Lee Ji-eun (28), an office worker from Songpa-gu, Seoul, remarked, “The real issue with some bosses in their 40s isn’t that they’re trying to act young. It’s that they pretend to be rational. In meetings, they’re strict with male employees in their 20s, but approach female employees with a friendly smile and buy them coffee.” She added, “They present themselves as open-minded, but once you start talking, you realize they’re just typical members of the older generation. Even when it comes to marriage or parenting, they only pretend to empathize.”
Park Min-soo (31), another office worker, shared a similar view. “They act like they’re open to political issues, but in reality, they already have fixed answers,” he said. “Even when you bring up how young people have lost their footing in areas like real estate, they just nod and immediately shift back to their own point of view. That’s the mindset of today’s forty-somethings.”
Professor Koo Jung-woo of Sungkyunkwan University’s Department of Sociology emphasized the need to interpret the Young Forty controversy on two levels. “There’s a layer that can be understood apart from politics, and another that becomes more complicated when politics enters the picture,” he explained.
On the non-political level, Professor Koo interpreted the backlash as a reflection of frustration and satire directed at middle-aged men in the workplace who pretend to understand younger generations but fail to genuinely empathize in conversation, making their behavior seem hypocritical. On the political level, he pointed to how online polarization ties generational, gender, and regional conflicts to ideological divides. “This tendency to reduce cultural and organizational issues to political frames makes it even harder to resolve them,” he noted.
Back to lunchtime on the 4th. Returning to the office after a long time, Mr. Kim headed to a trendy salad café with younger colleagues. As he sipped his coffee, he cautiously dropped a phrase popular among younger people “Gotta live 갓생 these days” but the awkward smiles and sidelong glances from his juniors made it clear the reaction wasn’t great. “If I use phrases young people like, they mock me for being cringey. But if I speak the way my generation does, they call me a boomer,” Kim said, shaking his head. “It feels like I’m taking a multiple-choice test where every answer is wrong.”

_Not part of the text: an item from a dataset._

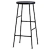 Cornet barstol från Hay, formgiven av Jonas Trampdach. En klassisk barstol med en rund sits i massiv ek och ett innovativt underrede i svart pulverlackat stål.
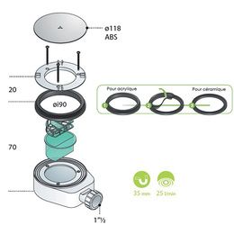 Bonde de douche ø90mm + grille ronde sortie verticale - GRANDSIRE FRIVILLE

On this issue, Professor Kwak Geum-joo of Seoul National University’s Department of Psychology identified a lack of metacognition (self-awareness) as the core problem. “As people age or rise in rank, their thinking tends to become more rigid, yet many still believe they’re free of bias. This creates a cognitive illusion,” she explained. “The greater the gap between one’s ideal self, stylish and open-minded, and one’s real self, the more anxiety and depression can arise. That’s the space where public satire finds its way in.” She advised, “In every situation, it’s important to view yourself from a third-person perspective. Rather than blindly trying to emulate people in their 20s, it’s better to seek role models in their 50s or 60s and cultivate a mature sensibility grounded in listening and consideration.”

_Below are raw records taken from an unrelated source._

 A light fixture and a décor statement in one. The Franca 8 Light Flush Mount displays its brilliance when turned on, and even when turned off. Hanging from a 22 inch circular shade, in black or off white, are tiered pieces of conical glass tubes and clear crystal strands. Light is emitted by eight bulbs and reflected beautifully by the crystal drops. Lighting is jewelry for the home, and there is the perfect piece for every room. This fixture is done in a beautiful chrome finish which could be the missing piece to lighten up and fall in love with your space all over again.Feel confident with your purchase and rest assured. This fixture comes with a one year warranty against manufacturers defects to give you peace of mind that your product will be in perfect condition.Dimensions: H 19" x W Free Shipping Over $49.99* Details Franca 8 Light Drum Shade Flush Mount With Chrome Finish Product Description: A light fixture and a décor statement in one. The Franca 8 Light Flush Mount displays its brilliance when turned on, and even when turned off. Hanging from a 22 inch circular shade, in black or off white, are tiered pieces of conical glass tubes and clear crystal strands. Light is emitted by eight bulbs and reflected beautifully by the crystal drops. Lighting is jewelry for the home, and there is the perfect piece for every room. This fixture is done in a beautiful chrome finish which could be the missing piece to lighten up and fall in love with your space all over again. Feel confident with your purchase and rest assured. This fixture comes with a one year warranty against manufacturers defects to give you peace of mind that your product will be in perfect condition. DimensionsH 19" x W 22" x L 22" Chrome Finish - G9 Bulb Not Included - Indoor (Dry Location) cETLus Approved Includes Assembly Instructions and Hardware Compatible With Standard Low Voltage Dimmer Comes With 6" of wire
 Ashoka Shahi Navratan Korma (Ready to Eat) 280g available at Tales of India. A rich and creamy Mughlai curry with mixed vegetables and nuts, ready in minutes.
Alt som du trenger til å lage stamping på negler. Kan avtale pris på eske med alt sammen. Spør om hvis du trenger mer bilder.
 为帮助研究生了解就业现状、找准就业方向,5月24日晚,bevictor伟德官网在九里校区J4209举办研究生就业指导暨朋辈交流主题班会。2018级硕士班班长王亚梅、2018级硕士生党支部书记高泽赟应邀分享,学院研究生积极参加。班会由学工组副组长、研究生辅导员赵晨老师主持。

Political forums are also rife with criticism, with posts calling Young Forty “the last gasp of progressive boomers” or accusing them of “talking reform while being conservative on gender and climate issues.” Na Jung-yeon, a woman in her 20s, commented, “I don’t think all people in their 40s are like that, but it’s easy to find ones who shout progressive slogans while being more conservative than anyone else in practice. Honestly, if they just admitted, ‘Yeah, I’m a boomer,’ it’d be less frustrating.”
In the consumer market, people in their 40s remain the most powerful demographic. They still lead spending in fashion and food & beverage. Yet criticism often follows, branding them as “pretentious and clueless about value for money.” Cultural critic Jung Deok-hyun responded, “Most people in their 40s aren’t trying to act young. They’re simply trying to adapt to the times. We’ve moved from a generation-based society to one organized around taste. So if we box Young Forty into a generational frame, we risk distorting the reality.”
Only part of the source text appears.